To reference additional files/folders, pass them as extra arguments to the
re-save-file
utility. They will be saved to the refs
subfield of
type basic:file:
. For example:
re-save-file fastq $NAME.fastq.gz fastqc/${NAME}_fastqc
stores fastqc/${NAME}_fastqc
to the fastq.refs
field in addition to
storing $NAME.fastq.gz
to the fastq.file
field.
Note
Resolwe will automatically add files’ sizes to the
files’ size
subfields.
Warning
After the process has finished, Resolwe will automatically check if all
the referenced files exist. If any file is missing, it will set the data
object’s status to ERROR
. Files that are not referenced are
automatically deleted by the platform, so make sure to reference all the
files you want to keep!
Saving JSON blobs in MongoDB¶
To store a JSON blob to the MongoDB storage, simply create a field of type
data:json:
and use the re-save
utility to store it.

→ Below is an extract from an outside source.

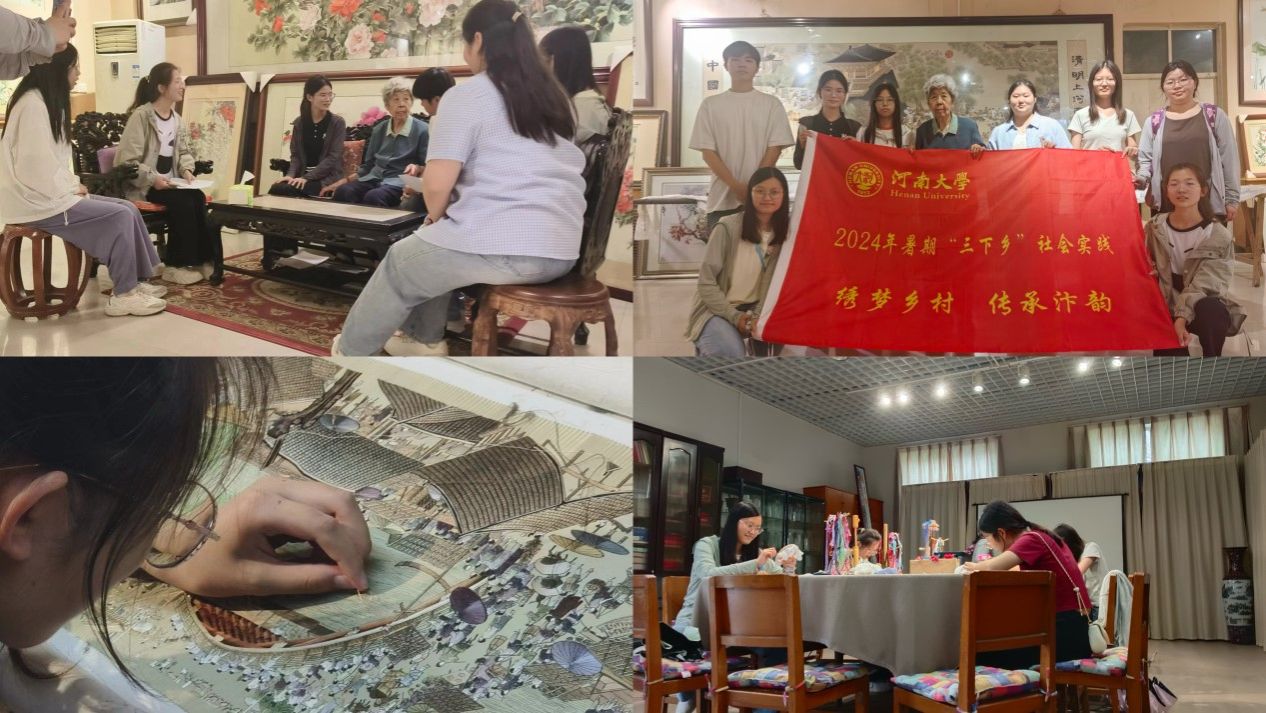 74日至10日,学院“绣梦乡村,传承汴韵”社会实践团队在广泛查阅相关文献资料的基础上,通过实地参观汴绣艺术博物馆、考察工坊,深入感受国家级非物质文化遗产——汴绣的历史底蕴和艺术魅力,并与汴绣的传承人王素花进行面对面交流和深度访谈。为了更直观地理解汴绣的艺术精神和技巧,团队成员亲身体验汴绣的制作过程,进一步加深了对传统文化的尊重和热爱。在征得相关工作人员同意后,实践团队还拍摄了宣传短片,并通过社交媒体平台积极传播,推动汴绣文化在青年群体中知名度的提升,促进汴绣艺术的传承与发展。

The platform will
automatically detect that you are trying to store to a data:json:
field and
it will store the blob to a separate collection.
For example:
re-save etc { JSON blob }
will store the { JSON blob }
to the etc
field.
Note
Printing a lot ot data to standard output can cause problems when using
the Docker executor due to its current implementation. Therefore, it is
advised to save big JSON blobs to a file and only pass the file name to the
re-save
function.
For example:
command_that_generates_large_json > json.txt
re-save etc json.txt
Warning
Do not store large JSON blobs into the data collection directly as this will slow down the retrieval of data objects.